FX: Why a lot of traders were caught napping on EUR/USD last week
After rallying 12% since early November, a break above 1.10 last week seemed to indicate we were heading even higher for EUR/USD. Not correct.
Differentials between the US Fed and ECB saw a break of 1.1000 on Thursday
Bumper data releases saw investors flock back to the US Dollar on Friday
EUR/USD longs caught out badly, short-term correction lower could continue
A lot of traders were caught out last week. What makes this even more surprising is that the data calendar and events were all well prepared for. We knew that the Fed, ECB and BoE were meeting. We also knew that top tier data releases were also coming out. Yet in the markets (as in life), things never quite go to plan.
The past few months
Before we get into last week, it’s key to understand why things went badly wrong.
Many have been getting long EUR/USD since the back end of last year. This has accelerated into January, with the pair forming a steady uptrend on the charts.
This was driven by several fundamental reasons. Investors realised that the milder winter in Europe meant lower natural gas prices. This eased pressure on the Eurozone from the weaponizing of energy from Putin. Add this into the mix of better data prints and it led to some major investment banks forecasting that Europe would no longer have a recession this year.
As for the US Dollar, demand was fading. Some of this was profit taking last November, after the historic USD bull run. It was also softening as inflation kept falling, easing pressure on the US Fed to raise rates as aggressively as initially forecast.
Putting that all together, we entered last week expecting more of the same from the Fed, along with a more upbeat ECB. With technical levels suggesting that a break above 1.10 could open up large upside, traders watched closely.
So far so good
The Fed stuck to the script, with a 25bps hike. While the commitment to do whatever is needed to bring inflation back under control was still there, there were some hints at the potential for an upcoming pause. Admittedly, we didn’t think Powell was that dovish, and had previously outlined our case as to why we wouldn’t be shorting the USD just yet.

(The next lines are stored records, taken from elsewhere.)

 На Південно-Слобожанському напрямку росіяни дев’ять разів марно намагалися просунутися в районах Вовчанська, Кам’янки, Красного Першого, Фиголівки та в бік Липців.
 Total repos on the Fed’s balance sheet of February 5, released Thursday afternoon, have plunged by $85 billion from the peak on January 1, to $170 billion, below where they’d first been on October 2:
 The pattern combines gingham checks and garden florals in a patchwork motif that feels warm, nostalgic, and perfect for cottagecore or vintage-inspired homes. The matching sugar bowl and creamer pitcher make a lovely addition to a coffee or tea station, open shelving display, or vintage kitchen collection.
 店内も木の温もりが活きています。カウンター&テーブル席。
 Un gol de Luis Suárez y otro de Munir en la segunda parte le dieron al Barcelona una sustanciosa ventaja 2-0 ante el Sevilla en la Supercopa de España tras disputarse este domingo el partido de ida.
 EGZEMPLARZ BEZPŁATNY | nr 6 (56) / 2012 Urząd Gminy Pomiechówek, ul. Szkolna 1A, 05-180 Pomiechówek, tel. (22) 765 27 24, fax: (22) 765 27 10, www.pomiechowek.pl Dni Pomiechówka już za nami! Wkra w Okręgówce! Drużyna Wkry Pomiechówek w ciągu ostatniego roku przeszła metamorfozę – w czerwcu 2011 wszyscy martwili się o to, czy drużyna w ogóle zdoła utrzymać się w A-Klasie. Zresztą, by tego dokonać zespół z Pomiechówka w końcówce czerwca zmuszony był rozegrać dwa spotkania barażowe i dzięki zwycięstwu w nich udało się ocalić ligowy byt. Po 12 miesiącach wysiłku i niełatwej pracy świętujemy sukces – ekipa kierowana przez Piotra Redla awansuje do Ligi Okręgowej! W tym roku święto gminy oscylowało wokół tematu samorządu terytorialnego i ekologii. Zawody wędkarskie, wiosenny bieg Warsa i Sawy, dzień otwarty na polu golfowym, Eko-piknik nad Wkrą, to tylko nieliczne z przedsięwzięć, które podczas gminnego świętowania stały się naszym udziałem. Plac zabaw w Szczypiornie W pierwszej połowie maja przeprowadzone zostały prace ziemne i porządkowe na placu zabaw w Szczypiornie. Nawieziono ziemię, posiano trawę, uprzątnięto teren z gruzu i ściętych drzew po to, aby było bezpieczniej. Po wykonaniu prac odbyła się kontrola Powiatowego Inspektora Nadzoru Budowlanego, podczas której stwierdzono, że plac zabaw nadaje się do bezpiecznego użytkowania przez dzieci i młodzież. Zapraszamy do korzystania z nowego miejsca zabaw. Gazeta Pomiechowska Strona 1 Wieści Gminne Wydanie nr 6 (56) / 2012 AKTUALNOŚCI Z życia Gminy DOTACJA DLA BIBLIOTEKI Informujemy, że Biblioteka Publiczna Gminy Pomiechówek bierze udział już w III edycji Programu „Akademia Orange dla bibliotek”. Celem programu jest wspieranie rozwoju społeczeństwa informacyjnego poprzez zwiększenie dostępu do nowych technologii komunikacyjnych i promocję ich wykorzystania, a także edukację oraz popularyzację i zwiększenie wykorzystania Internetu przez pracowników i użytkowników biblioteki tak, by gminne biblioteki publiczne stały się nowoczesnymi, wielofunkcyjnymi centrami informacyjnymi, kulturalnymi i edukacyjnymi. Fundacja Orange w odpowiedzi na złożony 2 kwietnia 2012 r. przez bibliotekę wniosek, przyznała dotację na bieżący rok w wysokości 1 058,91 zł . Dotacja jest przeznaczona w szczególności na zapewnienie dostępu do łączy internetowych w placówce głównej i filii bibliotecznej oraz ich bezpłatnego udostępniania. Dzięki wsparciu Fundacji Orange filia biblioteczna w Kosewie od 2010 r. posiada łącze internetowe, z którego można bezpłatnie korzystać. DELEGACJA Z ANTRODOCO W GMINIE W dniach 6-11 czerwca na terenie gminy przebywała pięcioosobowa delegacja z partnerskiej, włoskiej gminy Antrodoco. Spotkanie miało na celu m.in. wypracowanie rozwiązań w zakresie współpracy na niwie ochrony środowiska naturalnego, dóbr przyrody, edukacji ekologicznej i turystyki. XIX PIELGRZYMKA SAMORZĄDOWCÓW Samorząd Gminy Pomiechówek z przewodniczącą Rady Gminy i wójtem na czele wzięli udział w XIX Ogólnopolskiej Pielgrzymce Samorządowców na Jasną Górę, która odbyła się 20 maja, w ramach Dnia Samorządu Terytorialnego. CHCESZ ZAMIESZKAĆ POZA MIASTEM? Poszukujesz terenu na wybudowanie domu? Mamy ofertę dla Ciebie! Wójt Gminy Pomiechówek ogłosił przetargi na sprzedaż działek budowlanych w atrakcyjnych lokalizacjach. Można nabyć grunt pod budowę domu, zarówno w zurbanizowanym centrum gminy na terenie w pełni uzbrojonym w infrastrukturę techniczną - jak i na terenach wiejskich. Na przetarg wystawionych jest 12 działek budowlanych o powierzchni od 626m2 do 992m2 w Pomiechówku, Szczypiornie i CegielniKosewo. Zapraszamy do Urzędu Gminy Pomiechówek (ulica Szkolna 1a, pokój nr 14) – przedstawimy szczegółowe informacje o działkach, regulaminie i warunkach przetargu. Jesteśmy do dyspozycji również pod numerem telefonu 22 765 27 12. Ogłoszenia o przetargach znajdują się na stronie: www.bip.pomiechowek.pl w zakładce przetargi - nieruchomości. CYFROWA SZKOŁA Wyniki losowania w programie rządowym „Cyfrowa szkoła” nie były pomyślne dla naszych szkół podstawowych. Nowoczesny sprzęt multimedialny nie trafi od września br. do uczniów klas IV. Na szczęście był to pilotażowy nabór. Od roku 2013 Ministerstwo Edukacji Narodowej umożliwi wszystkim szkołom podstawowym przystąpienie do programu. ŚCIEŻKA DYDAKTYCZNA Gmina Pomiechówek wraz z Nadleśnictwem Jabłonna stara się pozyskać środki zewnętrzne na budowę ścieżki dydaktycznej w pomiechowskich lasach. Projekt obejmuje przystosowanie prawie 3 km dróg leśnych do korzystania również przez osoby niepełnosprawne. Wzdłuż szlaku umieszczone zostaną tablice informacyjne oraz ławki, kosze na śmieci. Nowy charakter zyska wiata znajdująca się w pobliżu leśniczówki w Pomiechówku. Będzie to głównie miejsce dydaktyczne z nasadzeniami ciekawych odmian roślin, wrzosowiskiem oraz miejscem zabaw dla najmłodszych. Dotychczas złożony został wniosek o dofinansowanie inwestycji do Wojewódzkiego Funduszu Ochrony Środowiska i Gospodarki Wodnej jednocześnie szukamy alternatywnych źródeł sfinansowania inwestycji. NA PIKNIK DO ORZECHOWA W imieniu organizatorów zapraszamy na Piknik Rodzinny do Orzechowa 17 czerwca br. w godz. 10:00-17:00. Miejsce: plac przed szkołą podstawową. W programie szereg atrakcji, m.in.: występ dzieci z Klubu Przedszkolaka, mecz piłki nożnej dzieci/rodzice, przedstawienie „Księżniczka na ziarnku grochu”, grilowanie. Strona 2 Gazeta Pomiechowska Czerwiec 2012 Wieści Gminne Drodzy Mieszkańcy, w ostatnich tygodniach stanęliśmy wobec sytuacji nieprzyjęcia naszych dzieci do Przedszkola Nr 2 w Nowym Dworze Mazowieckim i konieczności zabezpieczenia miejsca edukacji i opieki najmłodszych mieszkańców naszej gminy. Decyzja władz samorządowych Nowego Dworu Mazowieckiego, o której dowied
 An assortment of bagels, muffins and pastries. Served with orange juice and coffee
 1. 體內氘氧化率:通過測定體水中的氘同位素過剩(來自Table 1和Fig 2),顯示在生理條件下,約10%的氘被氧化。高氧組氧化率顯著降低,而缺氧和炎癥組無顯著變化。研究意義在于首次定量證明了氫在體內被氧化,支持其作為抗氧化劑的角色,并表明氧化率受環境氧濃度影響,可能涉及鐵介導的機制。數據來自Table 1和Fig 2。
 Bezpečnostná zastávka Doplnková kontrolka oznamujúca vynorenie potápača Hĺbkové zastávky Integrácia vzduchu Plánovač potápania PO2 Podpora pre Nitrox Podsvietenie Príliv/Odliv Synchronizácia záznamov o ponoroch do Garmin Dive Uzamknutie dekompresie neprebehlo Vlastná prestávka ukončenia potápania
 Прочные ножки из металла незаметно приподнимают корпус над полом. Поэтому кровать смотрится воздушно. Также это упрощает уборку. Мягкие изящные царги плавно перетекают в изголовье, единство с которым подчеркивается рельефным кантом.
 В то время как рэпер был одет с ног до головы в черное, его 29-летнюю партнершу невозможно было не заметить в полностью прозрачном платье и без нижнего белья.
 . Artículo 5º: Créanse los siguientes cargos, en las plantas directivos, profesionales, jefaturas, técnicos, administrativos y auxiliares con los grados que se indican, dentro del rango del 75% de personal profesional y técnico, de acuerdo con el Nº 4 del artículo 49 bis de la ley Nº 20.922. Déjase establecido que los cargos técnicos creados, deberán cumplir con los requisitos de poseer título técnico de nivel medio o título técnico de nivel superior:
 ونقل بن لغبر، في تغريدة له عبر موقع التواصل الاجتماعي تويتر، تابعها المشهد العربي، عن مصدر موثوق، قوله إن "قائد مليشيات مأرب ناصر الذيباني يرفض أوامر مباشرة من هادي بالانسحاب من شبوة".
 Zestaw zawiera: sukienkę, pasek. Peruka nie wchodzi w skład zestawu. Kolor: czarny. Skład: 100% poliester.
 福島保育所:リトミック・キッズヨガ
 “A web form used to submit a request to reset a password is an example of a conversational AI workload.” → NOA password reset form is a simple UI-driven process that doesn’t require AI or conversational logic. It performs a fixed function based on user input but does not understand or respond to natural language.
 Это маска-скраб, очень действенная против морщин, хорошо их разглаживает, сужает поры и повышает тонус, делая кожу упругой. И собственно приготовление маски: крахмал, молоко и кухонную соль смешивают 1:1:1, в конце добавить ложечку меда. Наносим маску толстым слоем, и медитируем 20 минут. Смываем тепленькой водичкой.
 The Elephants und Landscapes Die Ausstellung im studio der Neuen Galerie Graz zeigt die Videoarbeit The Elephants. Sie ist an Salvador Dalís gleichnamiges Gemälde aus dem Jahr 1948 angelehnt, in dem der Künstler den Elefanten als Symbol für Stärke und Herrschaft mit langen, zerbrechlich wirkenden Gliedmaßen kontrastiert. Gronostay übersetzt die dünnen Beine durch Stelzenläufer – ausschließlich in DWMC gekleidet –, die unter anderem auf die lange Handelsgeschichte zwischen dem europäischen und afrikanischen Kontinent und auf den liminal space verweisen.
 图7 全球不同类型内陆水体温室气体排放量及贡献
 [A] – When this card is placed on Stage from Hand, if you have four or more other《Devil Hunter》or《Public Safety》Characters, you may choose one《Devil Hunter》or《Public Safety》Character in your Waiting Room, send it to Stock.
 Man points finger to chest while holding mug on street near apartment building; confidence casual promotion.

However, the market heard what it thought it wanted to, and carried EUR/USD higher to 1.1000 as we walked in on Thursday morning. From here, things started to go wrong.
Problems compounding
The market couldn't hold 1.10, and slid lower as Lagarde and Co. came to the stage in the early afternoon. Even with the 50bps hike and a clear commitment for more of the same in coming months, EUR/USD continued to slide.
There was good support in the 1.0910-1.0930 region, which we feel led to those that jumped long at 1.10 doubling down on their positions. Or for those that were stopped out, the short rebound probably led to adding fresh long trades on Friday morning.
Then came the real kick in the guts. US Non-Farm Payrolls came out Friday afternoon at a huge surprise. 517k jobs added versus consensus of 189k and a previous reading of 223k shook everyone.
This was the clearest USD buying signal you could get, with bond markets hurriedly pricing in a higher likelihood of Fed hikes (confirming our earlier call that the Fed weren’t that dovish on Wednesday).
EUR/USD cratered lower, trading below 1.0800 as London left for the weekend. For a lot of those that had built up long positions in EUR/USD in recent weeks, they really were caught napping at the wheel.
Direction from here
The market has certainly carried through on the trajectory from last week, and is now firmly out of the multi-month trend. We think this could see us trade down to support around the 1.0475 level.
What did we do about it
We publish our favourite trades for the week ahead each Monday. We did have an active Option trade on for EUR/USD last week, but this was a play on volatility, not direction. This was closed for a profit.